Такая связь стала возможной благодаря отсутствию настоящих, последовательных левых. Не считая периодических всплесков активности вроде Occupy Wall Street, оказавшихся непродолжительными, левые на протяжении последних десятилетий практически отсутствовали в США. Как отсутствовал и какой-либо достаточно масштабный левый нарратив, способный связать справедливое недовольство сторонников Трампа с разносторонней критикой финансиализации с одной стороны, и антирасистским, антисексистским и антииерархическим видением эмансипации с другой. Не менее губительной оказалась потеря связи между рабочим классом и новыми общественными движениями. Эти два незаменимых аспекта левой политики оказались разделены, а спустя какое-то время вовсе были противопоставлены друг другу.
Это продолжалось как минимум до начала выдающейся предвыборной кампании Берни Сандерса, который постарался объединить их, оттолкнувшись от протестов Black Lives Matter. В своём разрушении господствующего неолиберального мышления восстание Сандерса в лагере демократов было аналогично действиям Трампа. И пока Трамп переворачивал с ног на голову весь республиканский истеблишмент, Берни был невероятно близок к тому, чтобы победить наследницу Обамы, аппаратчики которой контролировали все рычаги власти в Демократической партии. Благодаря Сандерсу и Трампу пробудилось большинство американских избирателей. Но праймериз пережил только реакционный популизм Трампа. В то время как он легко разгромил своих противников-республиканцев, включая ставленников крупных финансовых доноров и партийных боссов, мятеж Сандерса был успешно подавлен далеко не такой уж демократической Демократической партией. К началу всеобщих выборов левой альтернативы уже не было. Оставался выбор без выбора между реакционным популизмом и прогрессивным неолиберализмом. В тот момент, когда так называемые левые встали на сторону Хиллари Клинтон, жребий был брошен.
Тем не менее, это выбор, от которого левые в дальнейшем должны отказаться. Вместо того чтобы принять условия, поставленные нам политическим классом, который противопоставляет эмансипацию социальной защищённости, мы должны работать над пересмотром этих определений, используя антипатию, испытываемую обществом к существующему порядку. Вместо того, чтобы выступать за финансиализацию и эмансипацию против социальной защиты, мы должны объединить эмансипацию и социальную защиту против финансиализации.

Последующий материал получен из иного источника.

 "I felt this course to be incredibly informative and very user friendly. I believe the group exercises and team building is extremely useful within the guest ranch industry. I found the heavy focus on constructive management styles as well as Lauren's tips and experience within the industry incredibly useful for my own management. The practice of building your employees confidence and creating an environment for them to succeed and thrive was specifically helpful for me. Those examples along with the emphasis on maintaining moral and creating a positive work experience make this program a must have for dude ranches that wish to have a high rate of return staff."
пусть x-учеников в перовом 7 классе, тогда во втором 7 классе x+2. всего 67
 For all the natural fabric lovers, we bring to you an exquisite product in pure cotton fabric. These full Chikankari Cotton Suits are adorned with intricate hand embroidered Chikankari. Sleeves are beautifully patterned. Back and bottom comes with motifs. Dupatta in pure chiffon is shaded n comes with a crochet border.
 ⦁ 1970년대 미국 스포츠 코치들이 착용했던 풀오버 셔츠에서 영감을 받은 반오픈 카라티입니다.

В этом проекте, основанном на программе Сандерса, эмансипация будет значить не диверсифицирование корпоративной иерархии, но её уничтожение, а процветание будет значить не повышение стоимостей акций или корпоративных прибылей, но создание условий для достойной жизни для всех. Это сочетание остаётся единственным последовательным и единственным выигрышным ответом в сложившихся обстоятельствах.

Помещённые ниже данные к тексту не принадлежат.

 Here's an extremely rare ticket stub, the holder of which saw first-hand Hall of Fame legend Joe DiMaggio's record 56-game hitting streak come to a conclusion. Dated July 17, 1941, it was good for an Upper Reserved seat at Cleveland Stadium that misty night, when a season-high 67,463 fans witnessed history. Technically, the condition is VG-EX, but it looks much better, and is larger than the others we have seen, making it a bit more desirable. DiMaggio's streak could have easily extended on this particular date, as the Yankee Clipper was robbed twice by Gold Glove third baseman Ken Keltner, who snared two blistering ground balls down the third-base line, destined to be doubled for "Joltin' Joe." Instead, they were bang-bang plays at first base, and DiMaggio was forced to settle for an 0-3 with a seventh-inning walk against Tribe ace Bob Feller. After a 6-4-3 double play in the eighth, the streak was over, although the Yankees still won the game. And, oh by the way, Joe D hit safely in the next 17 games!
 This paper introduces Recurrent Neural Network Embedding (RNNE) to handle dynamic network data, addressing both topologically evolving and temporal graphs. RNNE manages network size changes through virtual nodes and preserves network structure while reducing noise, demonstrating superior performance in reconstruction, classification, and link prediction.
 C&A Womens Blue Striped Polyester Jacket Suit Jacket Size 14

Нам не стоит оплакивать ни прекращение неолиберальной гегемонии, ни то, что Демократическая партия выбралась из железных объятий клинтонизма.
Лично я не очень расстроена поражением прогрессивного неолиберализма. Конечно, расистская, антииммигрантская, антиэкологическая администрация Трампа выглядит пугающе. Но нам не стоит оплакивать ни прекращение неолиберальной гегемонии, ни то, что Демократическая партия выбралась из железных объятий клинтонизма. Победа Трампа ознаменовала поражение альянса эмансипации и финансиализации. Но его президентство не предполагает ни выхода из сложившегося кризиса, ни перспективы нового порядка, ни безусловной гегемонии. Скорее мы столкнулись с переходным периодом, открытой и нестабильной ситуацией, в которой сердца и мысли окажутся открыты для новых идей. И здесь скрыты не только риски, но и возможность: шанс сформировать движение новых новых левых.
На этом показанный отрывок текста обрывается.